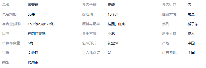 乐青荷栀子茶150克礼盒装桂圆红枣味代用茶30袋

...

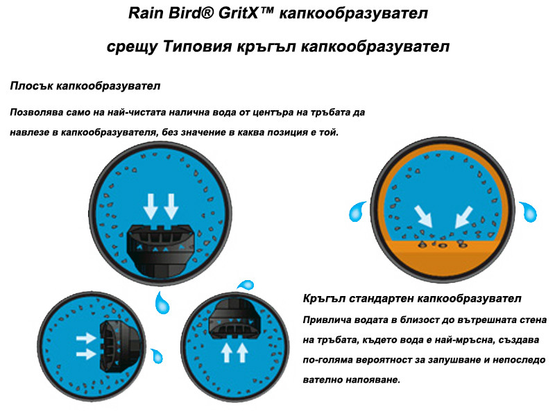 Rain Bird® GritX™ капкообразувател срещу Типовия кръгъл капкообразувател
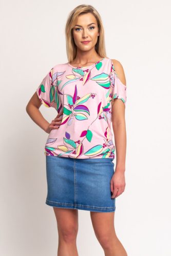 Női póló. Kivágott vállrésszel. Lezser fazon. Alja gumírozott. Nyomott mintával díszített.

Your instructions:
Starting at the line above that contains "Rain Bird® GritX™", transcribe every line exactly through the line that contains "Női póló. Kivágott", including that last one, and skip the pictures.

Result:
 Rain Bird® GritX™ капкообразувател срещу Типовия кръгъл капкообразувател
 Női póló. Kivágott vállrésszel. Lezser fazon. Alja gumírozott. Nyomott mintával díszített.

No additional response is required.